Multivariable regression is a statistical method that can be used to evaluate health care costs. In the simplest case, the cost of two groups of patients can be compared by using an indicator variable for group membership as the explanatory variable. For example, an indicator variable can be used to assign subjects in the experimental group a value of one and subjects in the control group a value of zero. The coefficient for this indicator variable represents the difference in cost associated with being a member of the experimental group compared to the control group. When group assignment is not random, additional independent variables can allow the analyst to control for the effect of of age, gender, chronic illness, or other factors.
However, cost as a depenent variable is not normally distributed. Some patients may incur a lot of costs for their health care, and some patients many incur zero costs for their health care. In the former case, the distribution will be right skewed, and in the latter case, the distribution will be truncated. Due to these properties of the cost variable, it is necessary to apply special methods to model costs properly. These methods are discussed below and are followed by descriptions of applications to VA cost issues such as determining inpatient cost and estimating the effect of chronic illness on health care cost.
Health Care Costs Require Special Methods
The most common multivariable regression method is Ordinarly Least Squares (OLS). This method assumes that the dependent variable is normally distributed and that the errors in the regression are independent and not explained by any of the other independent variables. Since health care costs are highly skewed and not normally distributed, the error terms in cost regressions often violate the assumptions of OLS.
This problem can be overcome by transforming the dependent variable, making it more normally distributed. One common method is to take the natural log of the cost variable. This approach has limitations, but almost always results in less bias than an OLS regression of raw costs. Among the limitations is the impossibility of including observations in which no cost was incurred, as it is not possible to take the log of zero. Substituting a small positive number (e.g., one dollar) for zero costs can result in biased parameters and is not recommended. Simulating costs from a function that uses a transformed dependent variable (such as the log of costs) requires correction for retransformation bias.

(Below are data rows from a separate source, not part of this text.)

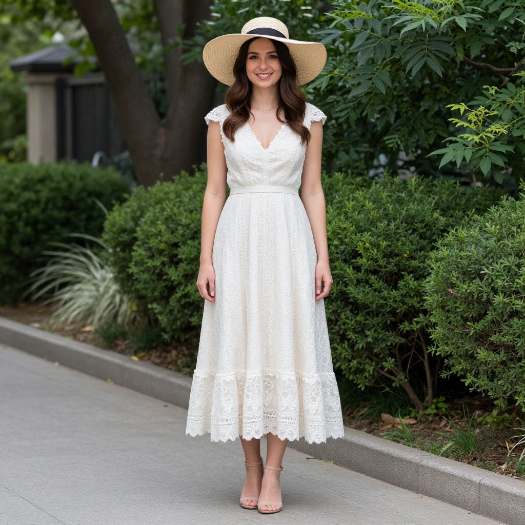 Photograph of a smiling woman with long brown hair, wearing a white lace dress, wide-brimmed hat, and nude heels, standing on a
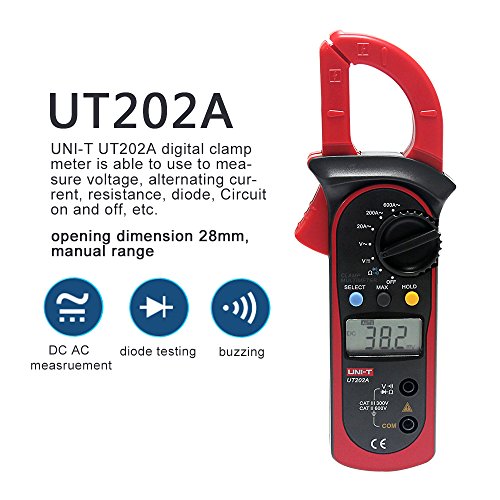 Signstek Uni-t UT202A Auto-Ranging AC/DC Voltmeter and AC 600 AMPS Meter Auto/Manual Range Digital Handheld Clamp Meter Multimeter AC DC Test Tool
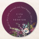 Burgundy Floral Happily Ever After Quote Wedding Round Paper Coaster
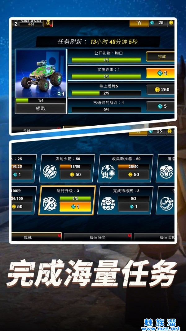 计时赛属于个人挑战类型,玩家可通过计时赛考验自身能力水平,只要在规定时间内通过关卡,就能获得对应的关卡奖励哦!奖励还随关卡而逐步增加,对应的关卡难度也会有所提升。想要成为真正的赛车手吗?想要寻找通关的快感吗?赶快在计时赛中过关斩将吧!

Generalized Linear Models (GLM) allow more flexible modeling of costs that are superior to OLS regression of log cost (McCullagh and Nelder, 1989). GLM models allow inclusion of observations with zero cost. Moreover, GLM models correct for heteroscedastic errors and do not need to be adjusted for retransformation bias. GLM consist of three componenets: the conditional distribution of the response variable, a linear predictor, and the link function. There are specific tests to choose the best link function and most appropriate distribution. A common form of GLM regression uses a log link function and a gamma distribution, and for this reason, is often referred to a gamma regression. Special care must be exercised in running gamma regressions in the SAS statistical program, as the default is to exclude observations that have zero cost as the dependent variable.

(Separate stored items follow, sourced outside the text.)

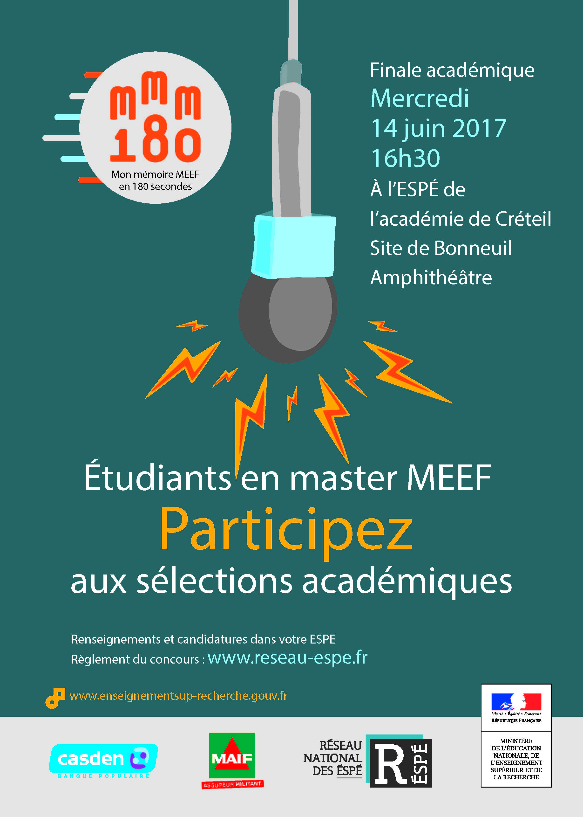 Chaque lauréat sélectionné par son ESPE dans le cadre d’un jury pluri-catégoriel local concourra lors d’une finale nationale qui aura lieu le 28 juin à Paris. Le meilleur exposé de mémoire de Master MEEF en 180 secondes sera récompensé par un jury national à l’issue de la cérémonie. Le lauréat se verra remettre des présents relevant du domaine éducatif par les partenaires du concours (CASDEN, MAIF, MGEN).
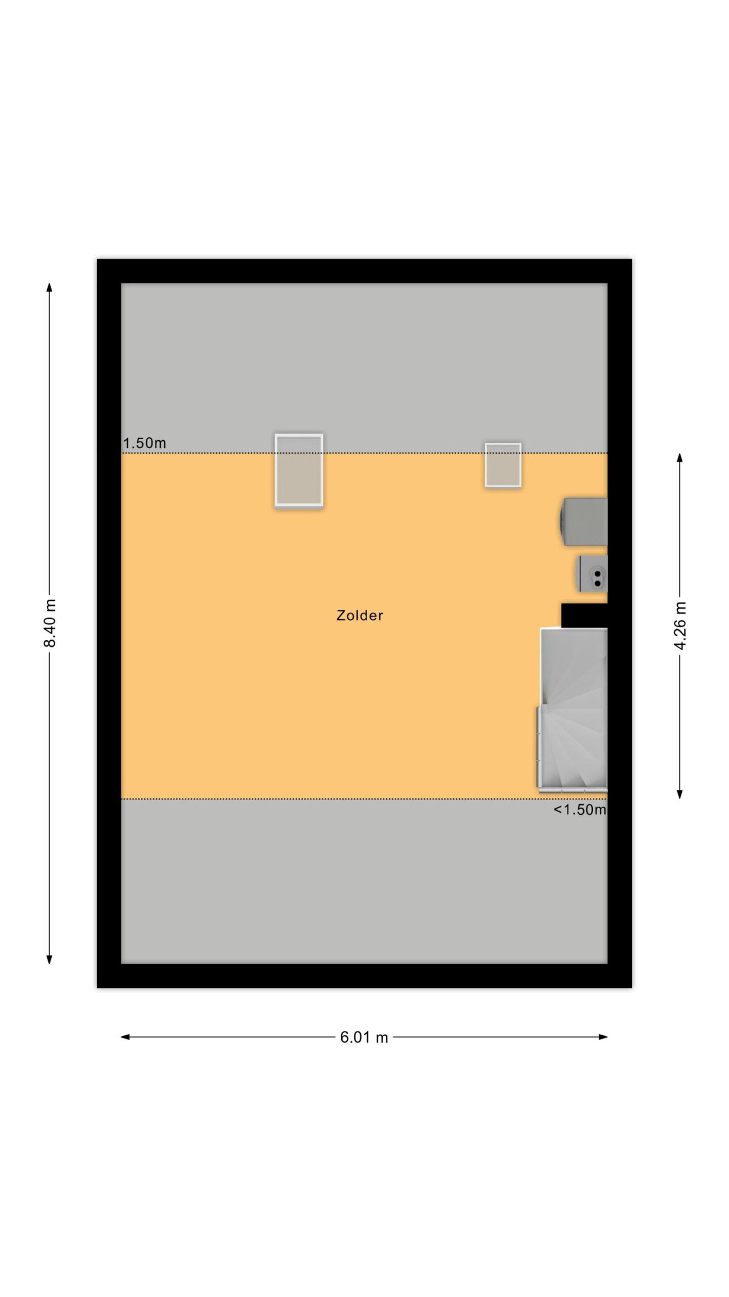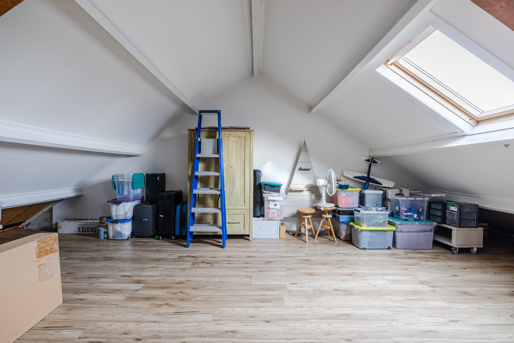 Ruime zolder met dakramen, cv-opstelling en volop bergruimte. Deze ruimte is goed geschikt om een extra slaapkamer of werkruimte te realiseren.
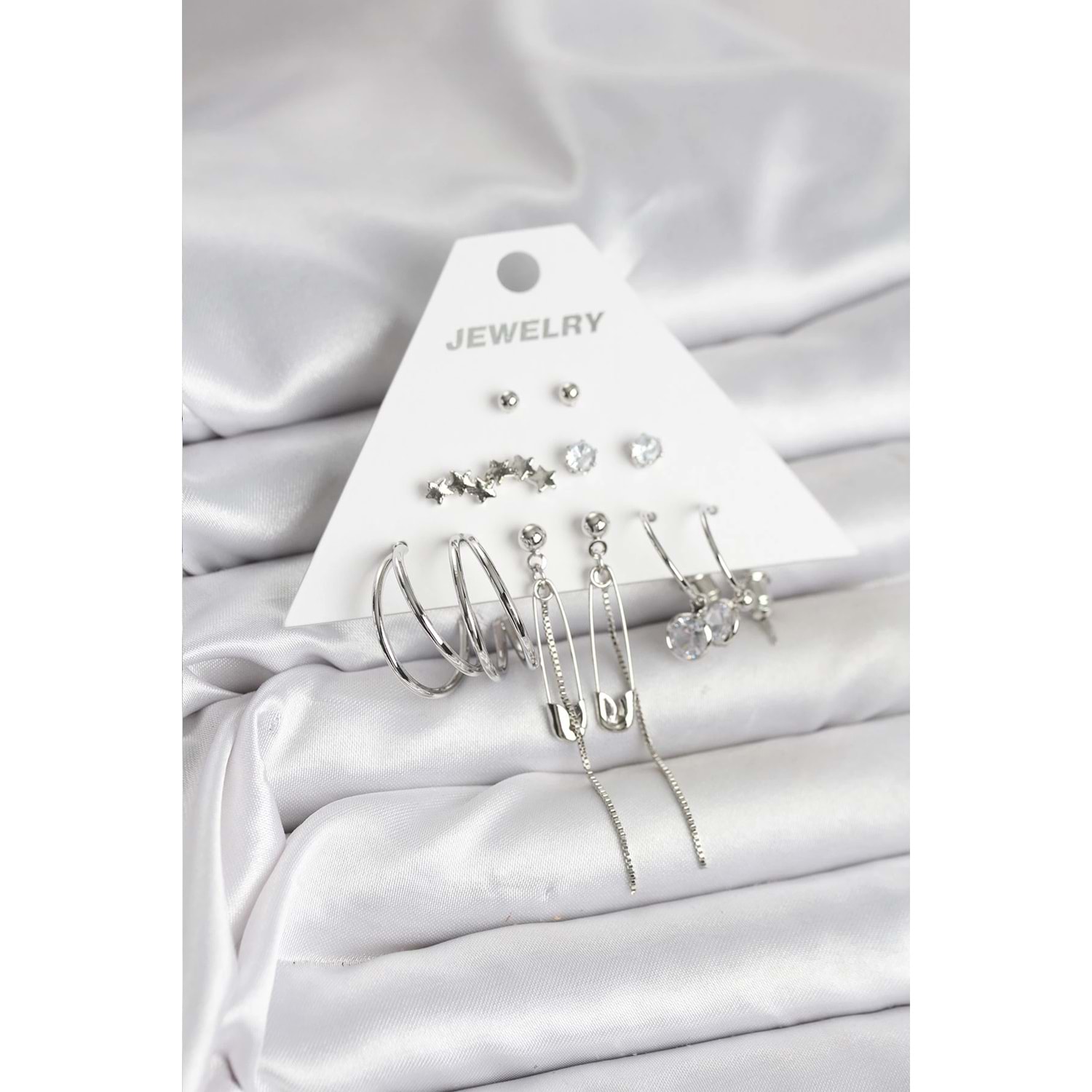 Gümüş Renk 6'lı Pirinç Küpe Seti
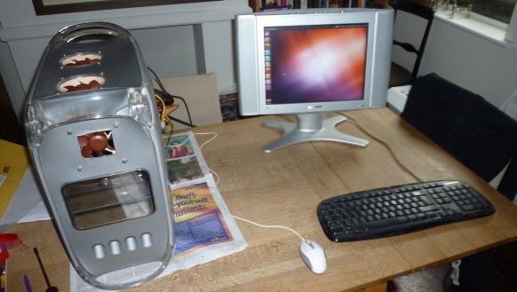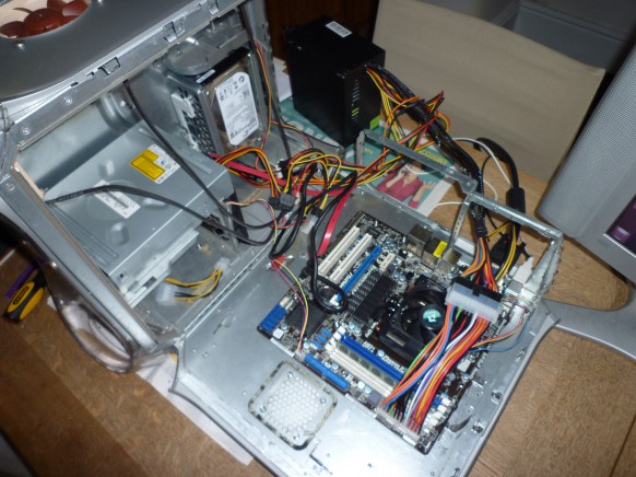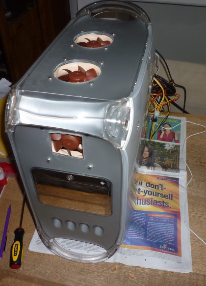 Other issues you will encounter if you mod an PowerMac G4 MDD include getting it to close (you have to cut out a section in the metal stand that holds the optical drive) and the power supply, which I have left outside the case. It doesn’t look pretty at the back, but it’s the best I can do for now as I can’t think of a better way to get it to work.

Alternatively, a two-part model can be used to handle cost data where there are a large number of observations with zero healthcare expenditures (Deb and Norton, 2017). In a two-part model, the first part of the model estimates whether the subject had any non-zero healthcare expenditure. This can be achieved using either a logit or probit model. The second part of the model is conditional on the first part being positive and can be a GLM, which can give the researcher flexibility to model cost data. Standard errors and 95% Confidence Intervals (CI) can be estimated using "recycled predictions" a method that bootstraps the data as described by Kleinman and Norton (2009). An early application of the two-part model method was conducted by Manning and colleagues (1987) to address the high proportion of their subjects that did not incur expenditures. The Stata package "twopm" allows users to define the first and second part of the models easily (Belotti, et al, 2015)).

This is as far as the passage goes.